Rewrite __cxa_guard.cpp with <stdatomic.h>.

Bug: 19180923
Change-Id: If4912d01db43c72ef12f4b04270ddb5d76d09462
diff --git a/libc/bionic/__cxa_guard.cpp b/libc/bionic/__cxa_guard.cpp
index 5b0d57d..5b34b58 100644
--- a/libc/bionic/__cxa_guard.cpp
+++ b/libc/bionic/__cxa_guard.cpp
@@ -14,10 +14,13 @@
  * limitations under the License.
  */
 
-#include <stddef.h>
 #include <endian.h>
+#include <limits.h>
+#undef _USING_LIBCXX  // Prevent using of <atomic>.
+#include <stdatomic.h>
 
-#include "private/bionic_atomic_inline.h"
+#include <stddef.h>
+
 #include "private/bionic_futex.h"
 
 // This file contains C++ ABI support functions for one time
@@ -49,66 +52,82 @@
 // values. The LSB is tested by the compiler-generated code before calling
 // __cxa_guard_acquire.
 union _guard_t {
-    int volatile state;
-    int32_t aligner;
+  atomic_int state;
+  int32_t aligner;
 };
 
-const static int ready = 0x1;
-const static int pending = 0x2;
-const static int waiting = 0x6;
-
 #else
 // The Itanium/x86 C++ ABI (used by all other architectures) mandates that
 // guard variables are 64-bit aligned, 64-bit values. The LSB is tested by
 // the compiler-generated code before calling __cxa_guard_acquire.
 union _guard_t {
-    int volatile state;
-    int64_t aligner;
+  atomic_int state;
+  int64_t aligner;
 };
 
-const static int ready     = letoh32(0x1);
-const static int pending   = letoh32(0x100);
-const static int waiting   = letoh32(0x10000);
 #endif
 
+// Set construction state values according to reference documentation.

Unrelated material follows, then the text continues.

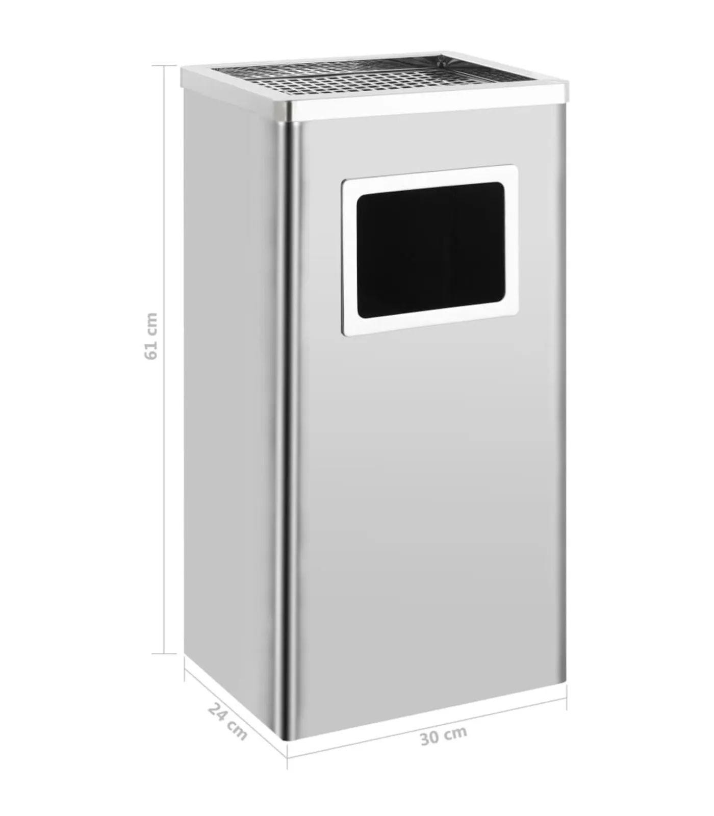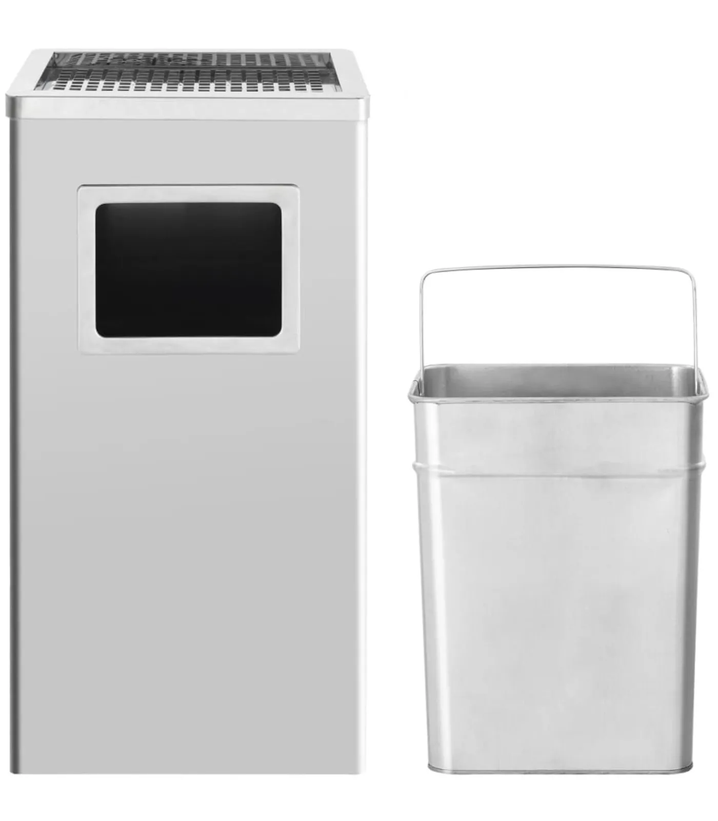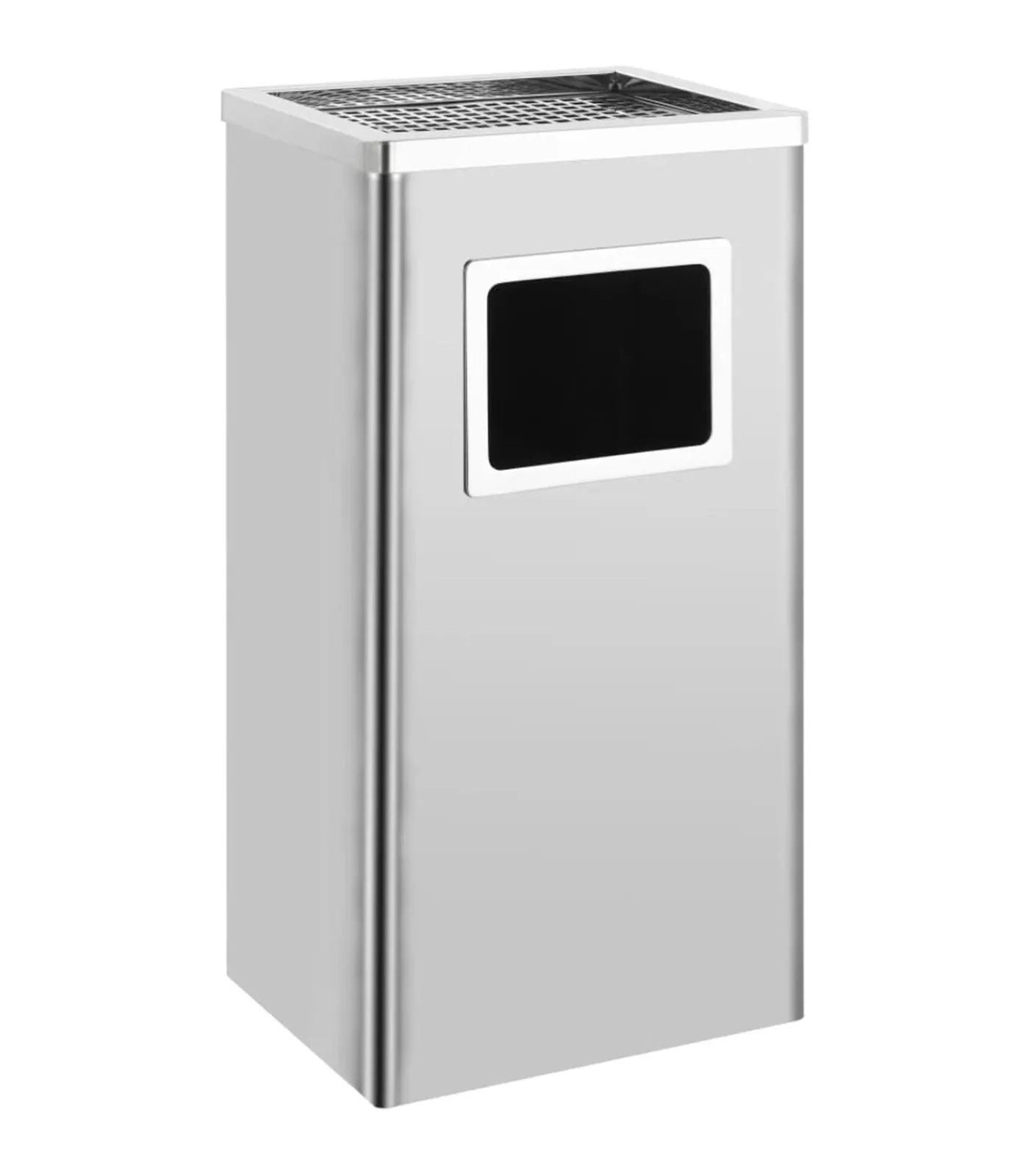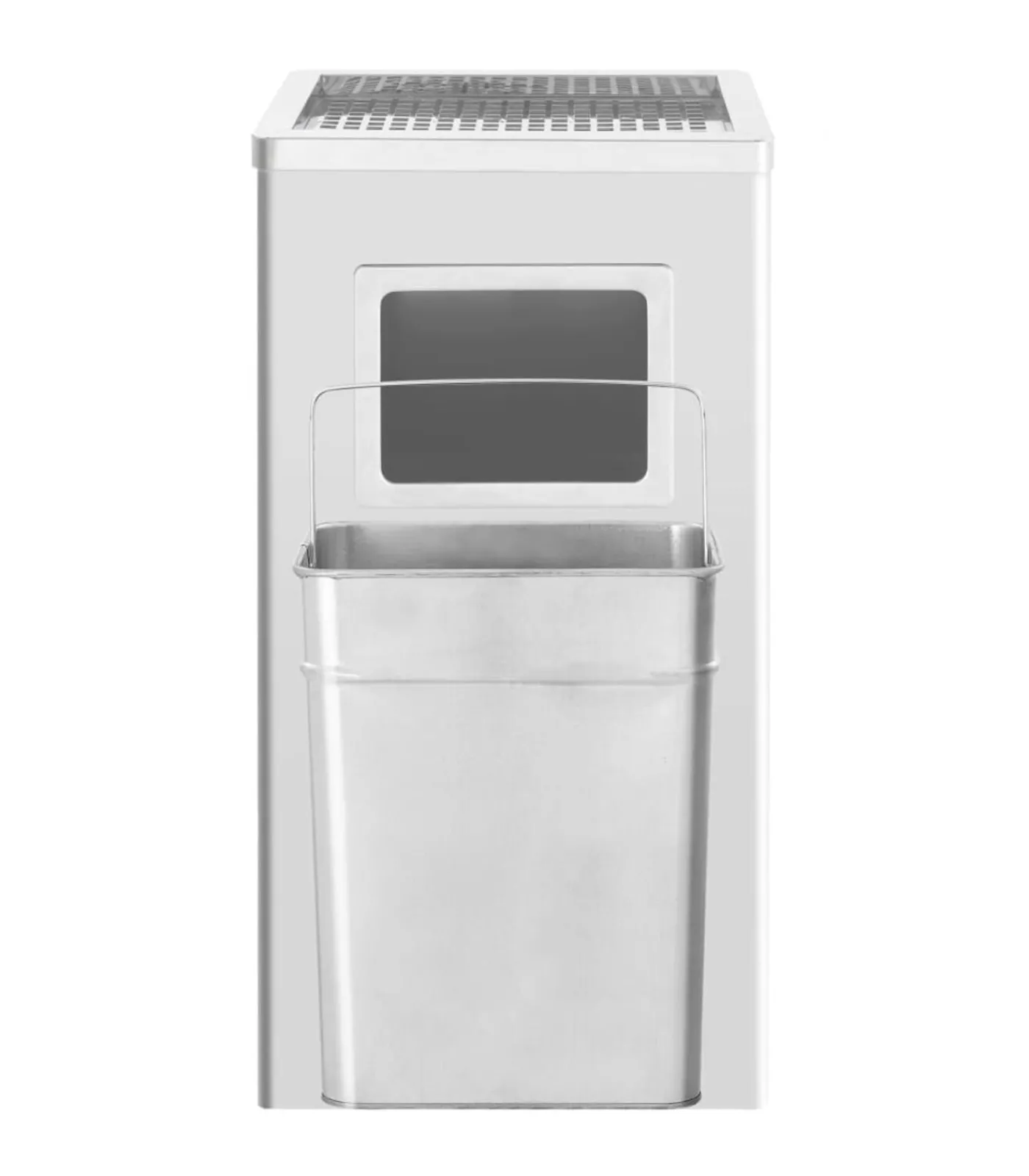 Onze hoogwaardige asbak/prullenbak wordt gekenmerkt door de elegantie van roestvrij staal en een asbakontwerp. Hij heeft niet alleen een geavanceerd ontwerp, maar is ook zeer functioneel. Onze afvalcontainer heeft een grote afvalbak met daarboven een asbak. Hij kan zowel binnen als buiten worden gebruikt en is dus ideaal voor hotels, restaurants, kantoren, enz.

+// 0 is the initialization value.
+// Arm requires ((*gv & 1) == 1) after __cxa_guard_release, ((*gv & 3) == 0) after __cxa_guard_abort.
+// X86 requires first byte not modified by __cxa_guard_acquire, first byte is non-zero after
+// __cxa_guard_release.
+
+#define CONSTRUCTION_NOT_YET_STARTED                0
+#define CONSTRUCTION_COMPLETE                       1
+#define CONSTRUCTION_UNDERWAY_WITHOUT_WAITER    0x100
+#define CONSTRUCTION_UNDERWAY_WITH_WAITER       0x200
+
 extern "C" int __cxa_guard_acquire(_guard_t* gv) {
-    // 0 -> pending, return 1
-    // pending -> waiting, wait and return 0
-    // waiting: untouched, wait and return 0
-    // ready: untouched, return 0
+  int old_value = atomic_load_explicit(&gv->state, memory_order_relaxed);
 
-retry:
-    if (__bionic_cmpxchg(0, pending, &gv->state) == 0) {
-        ANDROID_MEMBAR_FULL();
-        return 1;
-    }
-    __bionic_cmpxchg(pending, waiting, &gv->state); // Indicate there is a waiter
-    __futex_wait(&gv->state, waiting, NULL);
-
-    if (gv->state != ready) {
-        // __cxa_guard_abort was called, let every thread try since there is no return code for this condition
-        goto retry;
+  while (true) {
+    if (old_value == CONSTRUCTION_COMPLETE) {
+      // A load_acquire operation is need before exiting with COMPLETE state, as we have to ensure
+      // that all the stores performed by the construction function are observable on this CPU
+      // after we exit.
+      atomic_thread_fence(memory_order_acquire);
+      return 0;
+    } else if (old_value == CONSTRUCTION_NOT_YET_STARTED) {
+      if (!atomic_compare_exchange_weak_explicit(&gv->state, &old_value,
+                                                  CONSTRUCTION_UNDERWAY_WITHOUT_WAITER,
+                                                  memory_order_relaxed,
+                                                  memory_order_relaxed)) {
+        continue;
+      }
+      // The acquire fence may not be needed. But as described in section 3.3.2 of
+      // the Itanium C++ ABI specification, it probably has to behave like the
+      // acquisition of a mutex, which needs an acquire fence.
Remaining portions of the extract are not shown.